Begin at the line containing "在配置方面,这辆二手大众CC 2024款 猎装车" and give again every line to the end of the records, exactly, without the pictures.

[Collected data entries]
[Start of section]
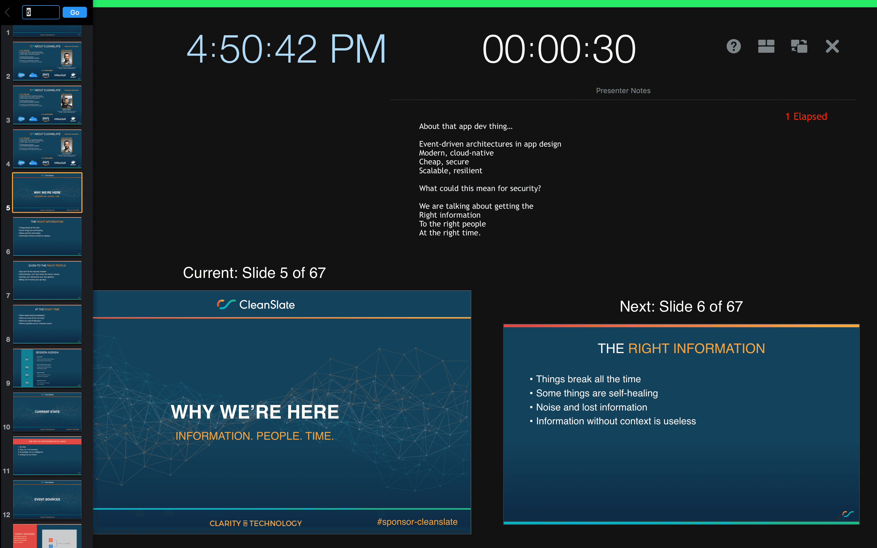 Additionally I key everything off the "elapsed time" timer because that doesn't depend on when your give a talk. And you don't have to change anything to present the content again somewhere else.
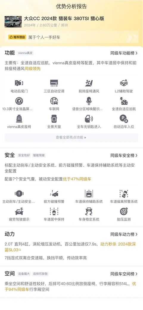 在配置方面,这辆二手大众CC 2024款 猎装车 380TSI 猎心版同样表现出色。该车搭载了一台2.0T 220马力 L4发动机,最大功率为162kW,最大扭矩为350N·m,配合7挡双离合变速箱,能够在7.9秒内完成0到100公里每小时的加速,展现了出色的的动力性能。同时,其WLTC综合油耗仅为7.28升,显示出良好的燃油经济性。车身尺寸方面,该车的长宽高分别为4869x1870x1459毫米,轴距达到2841毫米,为乘客提供了宽敞舒适的乘坐空间。此外,该车还配备了全速自适应巡航、10.3英寸全液晶仪表、三区自动空调等高级配置,以及L2级驾驶辅助系统,确保了驾驶的安全性和便捷性。尤其是其全车无钥匙进入和启动功能,以及方向盘加热和记忆座椅等冬季实用配置,更是凸显了其豪华与实用性。
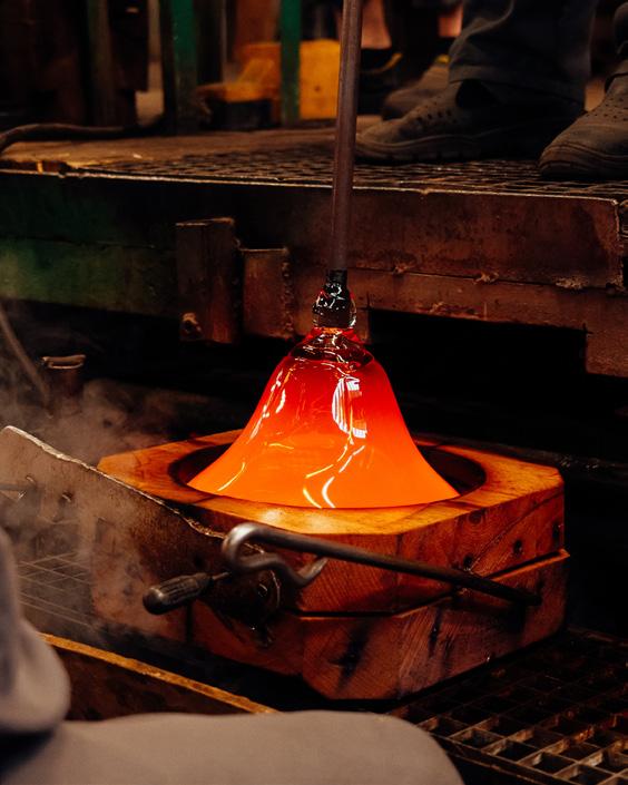 Mouth-blowing such large, intricate pieces requires immense precision and years of experience. Each product’s creation demands careful control to achieve the perfect form and thickness.
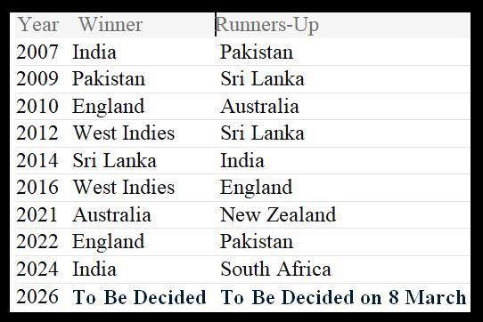 - 2007, 2014 और 2024 में टीम इंडिया टी-20 वर्ल्ड कप के फाइनल तक पहुंची थी, जिसमें दो वर्ल्ड कप जीत चुकी है
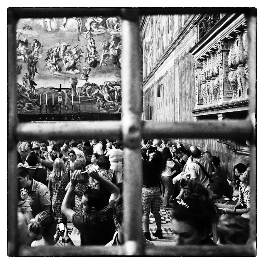 E' vero, la situazione è assai comune, ma a me non sarebbe venuto in mente di fotografare la massa di assatanati che quotidianamente riempe la Cappella Sistina. Belle! Soprattutto la prima che ci fornisce una visione, dietro le sbarre, ancora più estraniante.
[End of section]
▸ EXERCISE OUTPUT:
 在配置方面,这辆二手大众CC 2024款 猎装车 380TSI 猎心版同样表现出色。该车搭载了一台2.0T 220马力 L4发动机,最大功率为162kW,最大扭矩为350N·m,配合7挡双离合变速箱,能够在7.9秒内完成0到100公里每小时的加速,展现了出色的的动力性能。同时,其WLTC综合油耗仅为7.28升,显示出良好的燃油经济性。车身尺寸方面,该车的长宽高分别为4869x1870x1459毫米,轴距达到2841毫米,为乘客提供了宽敞舒适的乘坐空间。此外,该车还配备了全速自适应巡航、10.3英寸全液晶仪表、三区自动空调等高级配置,以及L2级驾驶辅助系统,确保了驾驶的安全性和便捷性。尤其是其全车无钥匙进入和启动功能,以及方向盘加热和记忆座椅等冬季实用配置,更是凸显了其豪华与实用性。
 Mouth-blowing such large, intricate pieces requires immense precision and years of experience. Each product’s creation demands careful control to achieve the perfect form and thickness.
 - 2007, 2014 और 2024 में टीम इंडिया टी-20 वर्ल्ड कप के फाइनल तक पहुंची थी, जिसमें दो वर्ल्ड कप जीत चुकी है
 E' vero, la situazione è assai comune, ma a me non sarebbe venuto in mente di fotografare la massa di assatanati che quotidianamente riempe la Cappella Sistina. Belle! Soprattutto la prima che ci fornisce una visione, dietro le sbarre, ancora più estraniante.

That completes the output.